Data Engineer - Modern Data Platforms

Re:Build Manufacturing3 months ago
Los Angeles, CA, United States
Hybrid
Full-time
Junior Level (1-3 years)

Job Description

Position Overview

Re:Build Manufacturing is a growing family of industrial and engineering businesses combining enabling technologies, operational superiority, and strategic M&A to build America’s next generation industrial company. We deploy deep expertise in engineering, operations management, and technology to supercharge the performance of our member companies. Our acquired businesses span multiple sectors including aerospace, defense, healthcare, and industrial equipment.

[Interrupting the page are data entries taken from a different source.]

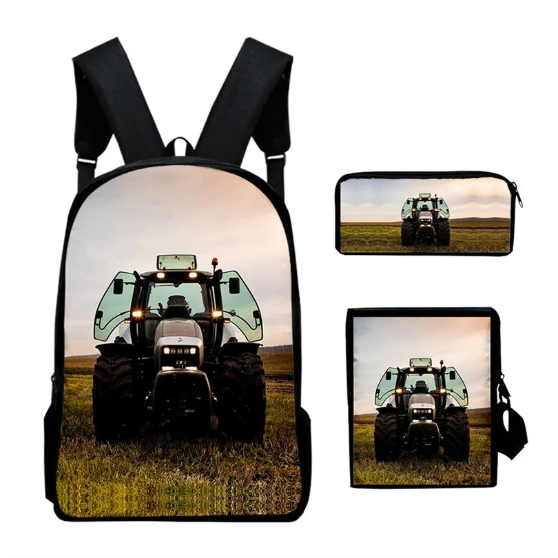 This 3D tractor pattern print backpack is perfect for children to carry to school. It includes a shoulder bag, pencil case, and more.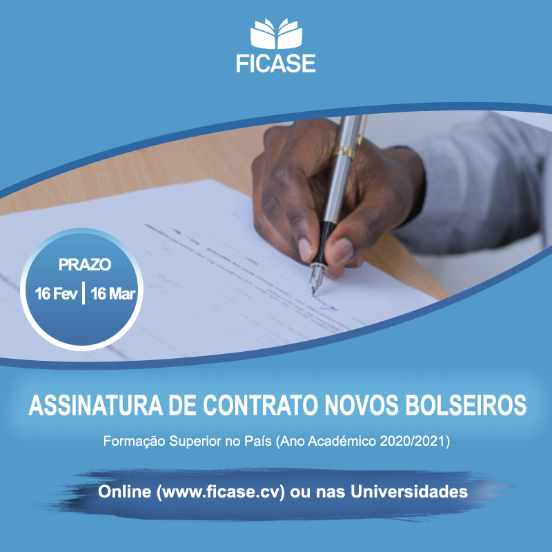 A Universidade Jean Piaget de Cabo Verde informa aos estudantes que foram beneficiados com a bolsa de estudos do governo de Cabo Verde, selecionados através do concurso Bolsas para Formação Superior no País - ano letivo 2020/21, que já podem proceder a assinatura do contrato com a FICASE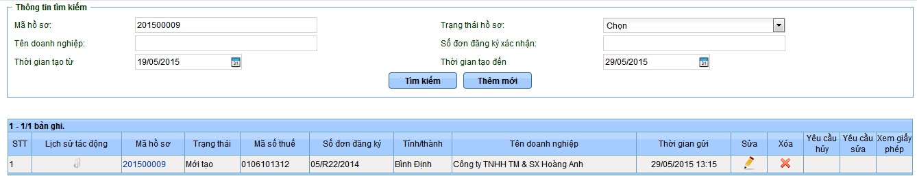 Bước 1: Thực hiện tìm kiếm hồ sơ doanh nghiệp cần gửi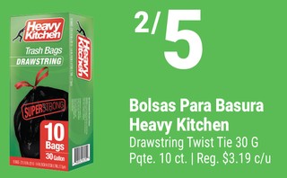 Bolsas Para Basura Heavy Kitchen Drawstring Twist Tie 30 G Pqte. 10 ct. | Reg. $3.19 c/u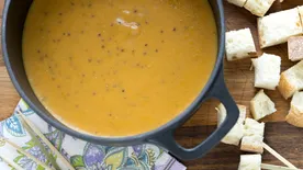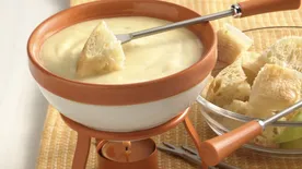Spear bread cubes with fondue forks; dip into fondue. (If fondue becomes too thick, stir in a small amount of dry white wine or milk.)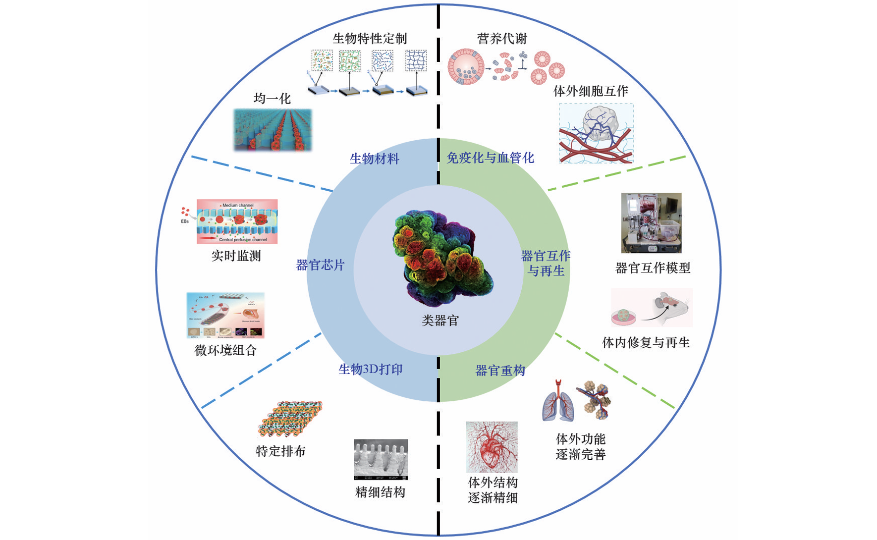 正常器官组织的发育调控及稳态维持,以及肿瘤组织的发生发展规律,一直以来都是研究人员关注的焦点,类器官技术极大地推动了这些议题的研究。类器官含有相应组织器官的细胞类型,由干细胞和各种具有不同功能的分化细胞构成,通过了解这些细胞类型、分化机制和互作关系,以及对发育过程中的细胞命运决定、微环境互作等方面的深入研究,各种组织的发育过程及调控机制得以通过类器官呈现。随着对细胞分化机制的理解和技术手段的发展,更加契合体内真实情况的类器官得以构建,类器官中的细胞世界也更加微观化。通过更改培养条件、基因编辑等方法可以深入探究干细胞的更新与分化调控。与此同时,通过结合细胞生物学与分子生物学等手段,类器官系统能提供一个高效的平台揭示不同细胞间的相互作用及其调控机制。此外,类器官培养技术发展至今已不局限于简单的多细胞自组装过程,而是引入血管化、集成器官芯片等新概念,结合生物医学工程的微流控、新型生物材料等技术,使得类器官模型能够更细致全面地反映体内的生物学特性。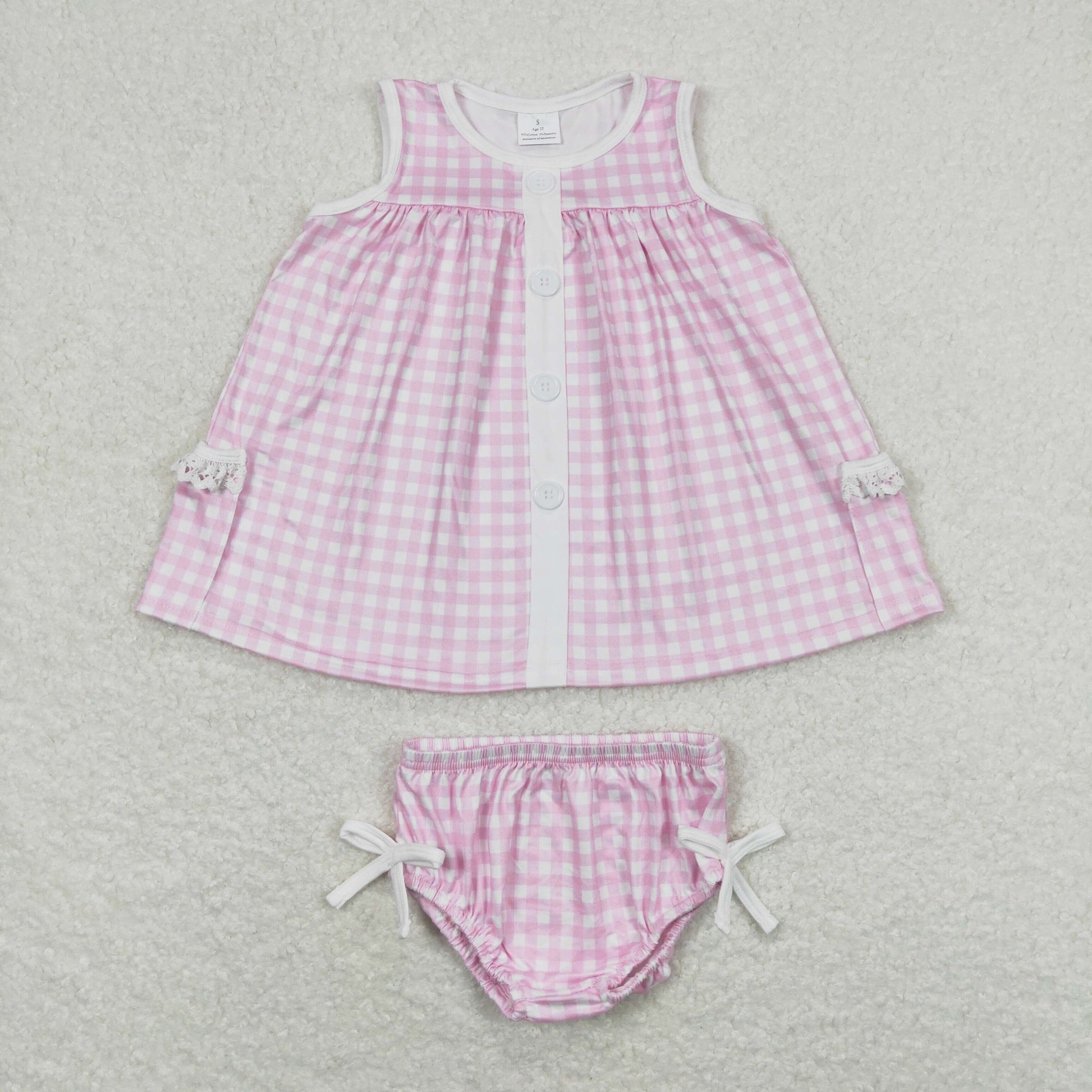 GBO0263 Girls Boutique Pink Plaid Lace Ruffle Pocket Sleeveless Top Briefs Set 20240408 RTS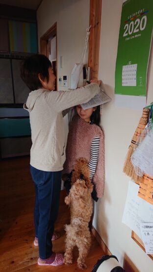 6年前に孫10才の身長を柱に印をつけていると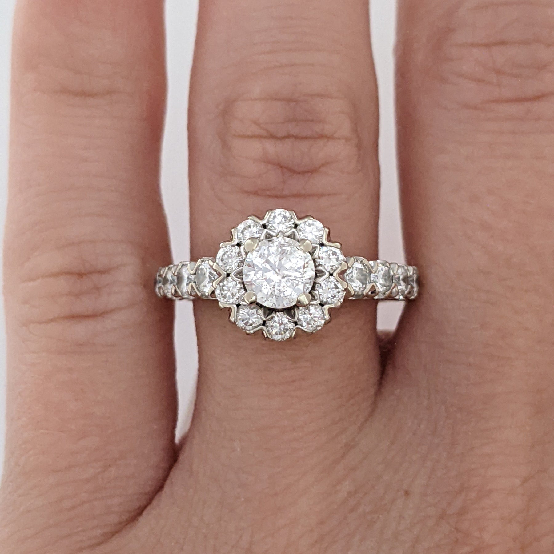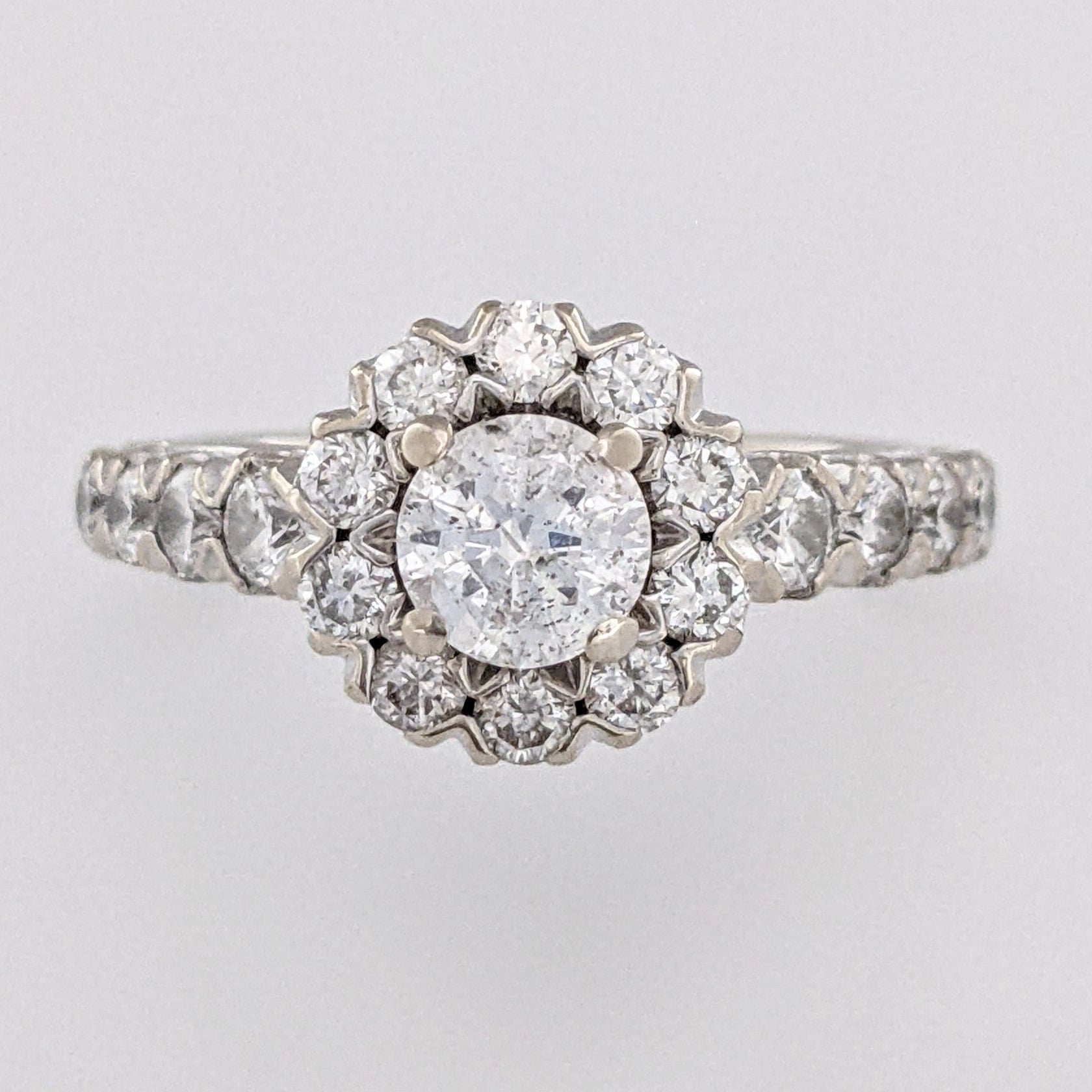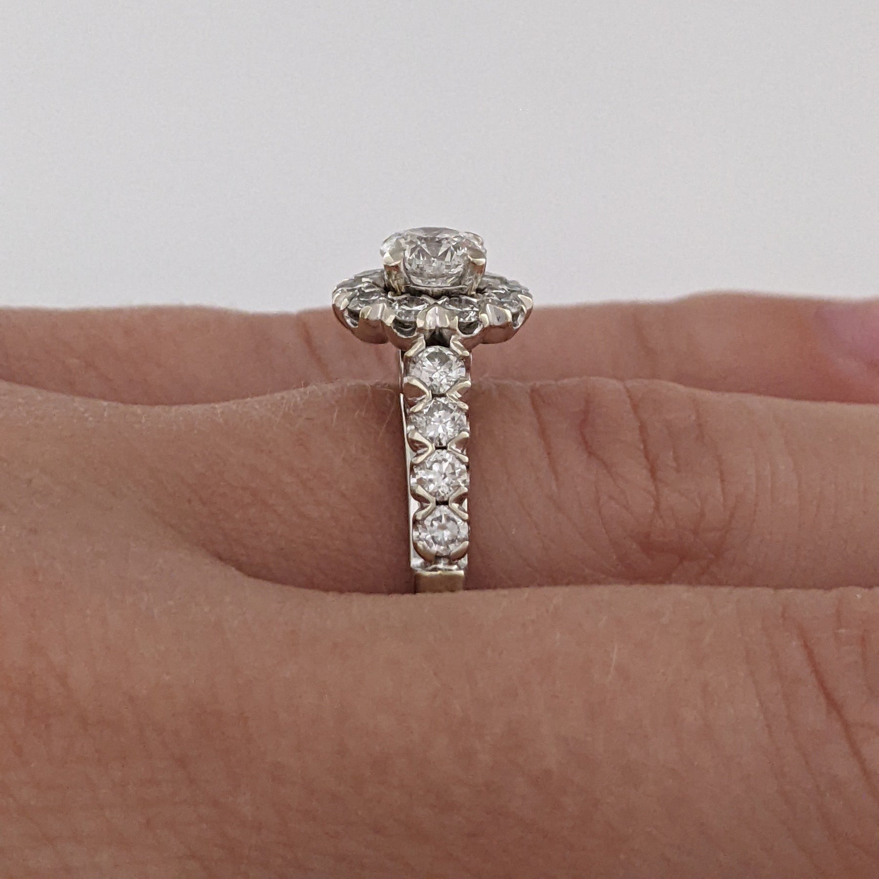 14K WHITE 1.46 CARAT TOTAL WEIGHT SI2-I2 H DIAMOND ROUND (19) FLORAL ESTATE RING 4.9 GRAMS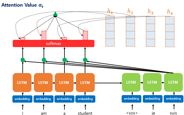 Attention 메커니즘에서는 Attention Value 값을 필요로 한다. t번째 단어를 예측하기 위한 어텐션 값을 a_t라고 정의한다.
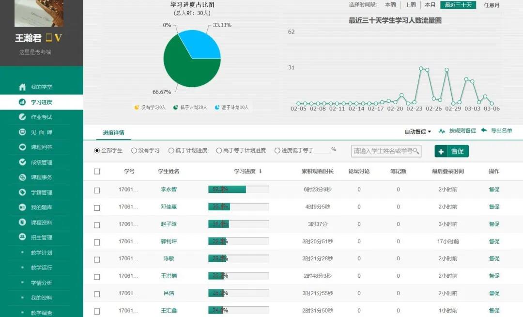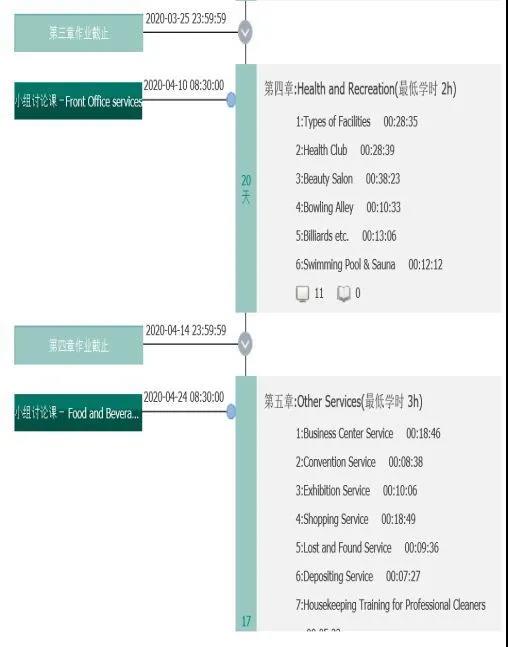 (二)智慧树平台《酒店英语》同步网课。为丰富和满足不同层次学生的需要,解决授课高峰期因网络拥堵而造成的单一平台登入困难问题,配套申请了智慧树平台《酒店英语》同步在线网课,以保障学习进程和效果。学生在完成每个任务点后,以闯关模式完成每一章节的学习内容和课后作业,教师可以在平台管理区实时监控学生的学习情况,对进度落后的同学及时予以后台催促提醒,保证班级进度的整体一致性。本平台的学习偏重理论性,最终成绩由平日20%、过程性测验30%、期末成绩50% 四部分构成,并以最终分数的60%计入期末综合成绩,以完成本课程32课时理论教学考核任务。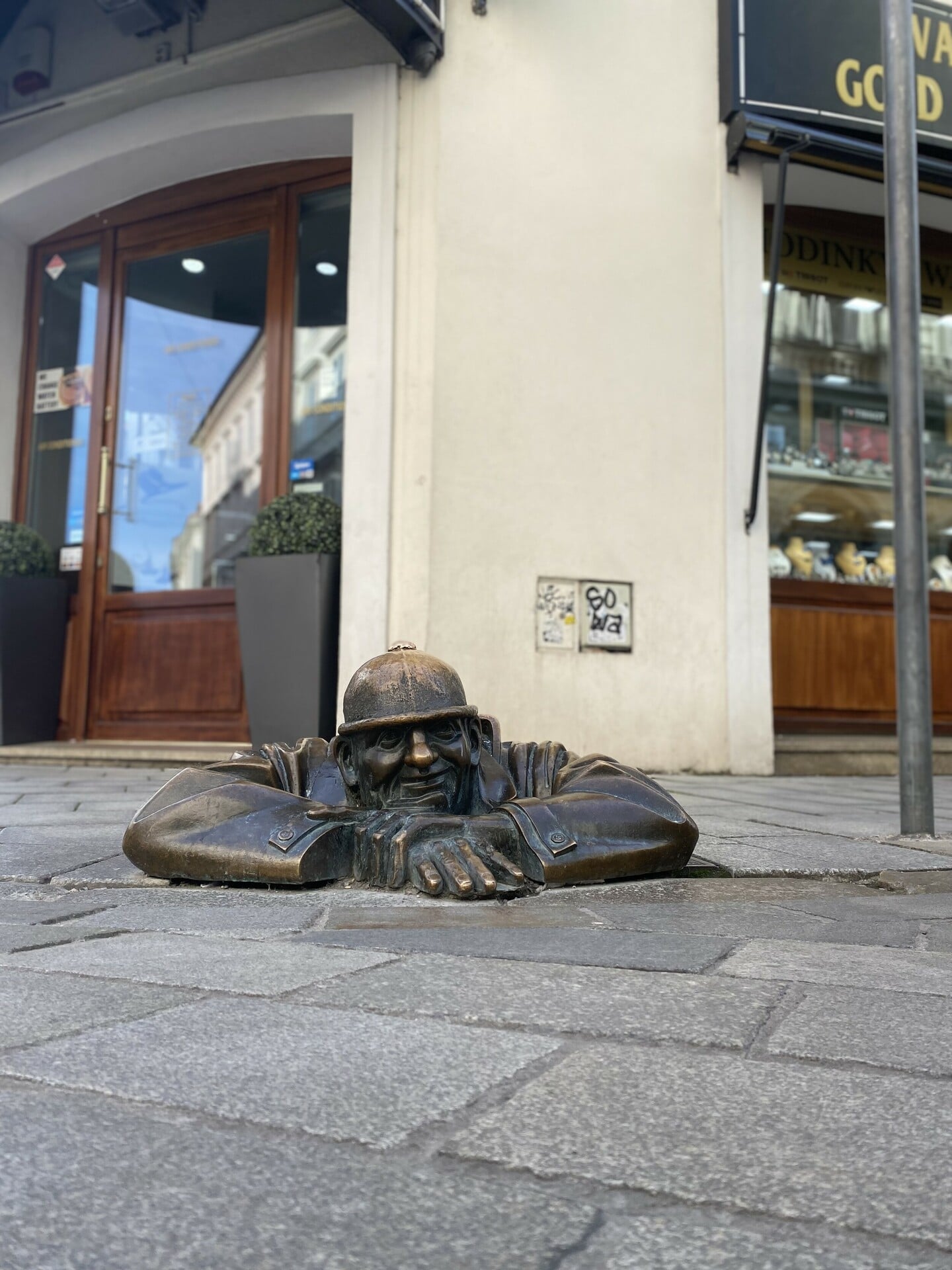 Facebook Twitter Δίπλα στο συντριβάνι του Μαξιμιλιανού, ακριβώς έξω από το Café Mayer (το παλαιότερο καφέ της πόλης), σε περιμένει ο Schöne Náci με το καπέλο του. Πρόκειται για πραγματικό πρόσωπο, που ο μύθος θέλει να τρελάθηκε όταν τον παράτησε η γυναίκα που αγαπούσε και τριγυρνούσε στους δρόμους φορώντας πάντα τα καλά του και χαρίζοντας λουλούδια στις γυναίκες. Λίγο πιο κάτω, στη διασταύρωση των οδών Laurinská και Panská βρίσκεται ο «Man at Work» Cumil, το πρώτο άγαλμα που σου βγάζει το Google αν πατήσεις Μπρατισλάβα, ένας εργάτης χαμογελαστός που ξεπροβάλλει μέσα από έναν υπόνομο.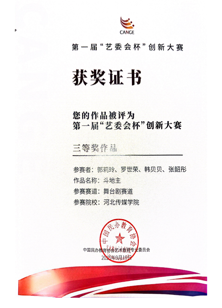 近日,河北传媒学院在艺术与设计、影视创作等领域捷报频传,师生在国际赛事、国家级电影节及全国性创新大赛中接连斩获重要奖项。 在国际舞台上,美术与设计学院视觉传达设计专业学生尹瑛菊表现亮眼。在2025亚洲新锐艺术与设计大奖评选中,她的作品《Citywalk视角下-城冀探步:河北省文旅视觉形象设计》从全球数十个国家和地区的四千余件参赛作品中突围,荣获铜奖。作品以“城市漫游”为切入点,用创新视觉语言展现河北文旅特色,在创新性、艺术表现力与社会价值维度获评委高度认可。 在影视创作领域,戏剧与影视专业研究生王意辉带领ET AI Studio团队再添荣誉。在福州举办的第十二届丝绸之路国际电影节“两岸A...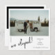 Envie uma design de fotos instantânea e fofa para seus anúncios de casamento com esta tipografia, nota moderna. Com caligrafia negra. Disponível com texto tipográfico "nós fugimos", "recem casados", "somos casados" e "nos casamos".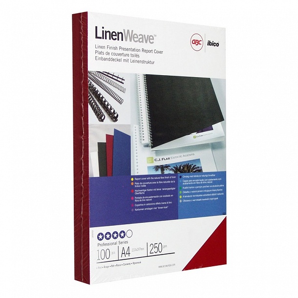 Обложки для переплета GBC формата А4 выполнены из картона красного цвета с текстурой, имитирующей лен. Плотность — 250 г/кв.м. Используются при работе с брошюровщиками (совместно с пружинами). Придают документам презентабельный вид, защищают их от загрязнений и повреждений. Применяются как для титула, так и в качестве подложки. В упаковке 100 штук.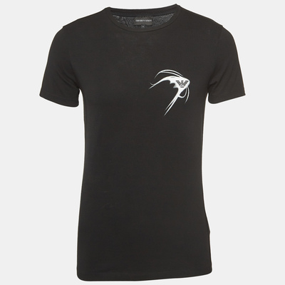 Emporio Armani Black Logo Print Cotton Crew Neck T-Shirt S 937538 - 1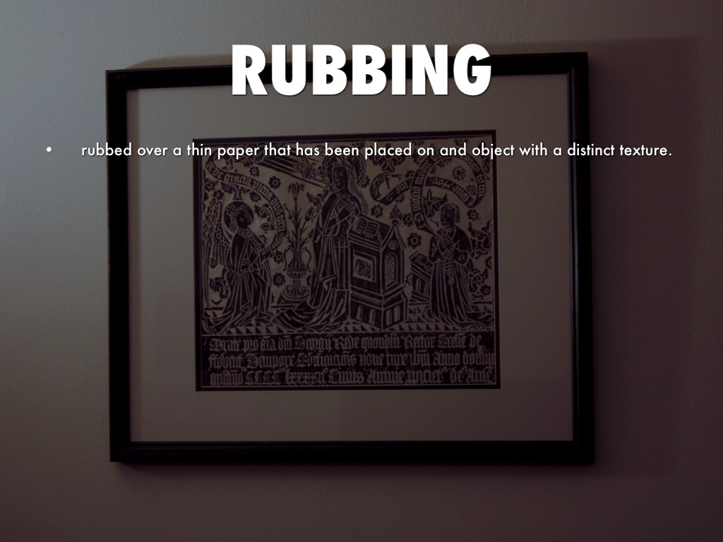 rubbed over a thin paper that has been placed on and object with a distinct texture.

The Data Engineer will focus on utilizing modern data technologies to operationalize and expand the enterprise Data Lake. In this role, you will implement efficient ingestion strategies, integrate diverse data sources, and structure data for accessibility and analysis across hybrid on-prem and cloud environments.

Key Responsibilities

  • Co-design data interfaces and pipelines with software engineers and technical leads to align with application domain models and product roadmaps.
  • Build and operate batch, streaming, and change data capture (CDC) pipelines from diverse sources (e.g., ERP, CRM, Accounting systems) into the Data Lake.
  • Model curated data into data warehouse structures (e.g., star schemas, wide tables, semantic layers) optimized for business intelligence and KPI reporting.
  • Publish certified datasets and policy-aware retrieval assets to support analytics, AI, and retrieval-augmented generation (RAG) use cases.
  • Establish robust data observability and quality checks to ensure reliability and consistency.
  • Apply governance, security, and compliance controls—including role-based access, encryption, and auditing—across the data ecosystem.
  • Operate the platform reliably by orchestrating jobs, monitoring pipelines, and continuously tuning performance and cost.
  • Collaborate in line with The Re:Build Way, demonstrating continuous improvement and technical excellence.

Required Qualifications

  • Experience Required: 5 - 8+ years proven experience building production-grade data systems with expertise in cloud-based data lake architectures and data warehouses.
  • Qualifications: Demonstrated expertise in designing and operating data pipelines (batch, streaming, CDC), including schema evolution, backfills, and performance tuning.
  • Hands-on proficiency with Python and SQL, along with experience using distributed processing frameworks (e.g., Apache Spark) and CI/CD for data workflows.
  • Proven ability to design and implement ETL/ELT workflows and data modeling techniques.
  • Proficiency with cloud data platforms and services such as AWS, Databricks, and Snowflake.
  • Familiarity with open table formats (e.g., Iceberg, Delta, Hudi) and business intelligence data modeling.
  • Understanding of data governance, lineage, and quality frameworks to ensure data reliability and compliance.
  • Experience or strong interest in enabling AI/ML use cases, such as retrieval-augmented generation and vector indexes.
  • Education: Bachelor’s degree in Computer Science, Data Science, Mathematics, Analytics, or a related quantitative field (or equivalent experience).
  • Fluency in written and spoken English.
  • Strong personal attributes including enthusiasm, curiosity, leadership, adaptability, and effective communication skills; must thrive in a fast-paced environment and complete a background check with reliable professional references.

Benefits & Perks

  • Compensation: Base salary range $135 - $200K, plus an annual cash bonus and long term incentive, depending on candidate qualifications.
  • Benefits: Competitive Base Pay, performance-based bonus, Re:Build incentive stock awards, and a comprehensive benefits plan.
  • Location: Seattle, WA or Los Angeles, CA metropolitan areas.
  • Quarterly travel to the downtown Los Angeles office is required.

Required Skills

Databricks
SQL
Data Modeling
ETL/ELT Workflows
Python
Data Pipelines
Cloud Data Platforms
Apache Spark
Change Data Capture (CDC)
AWS
Snowflake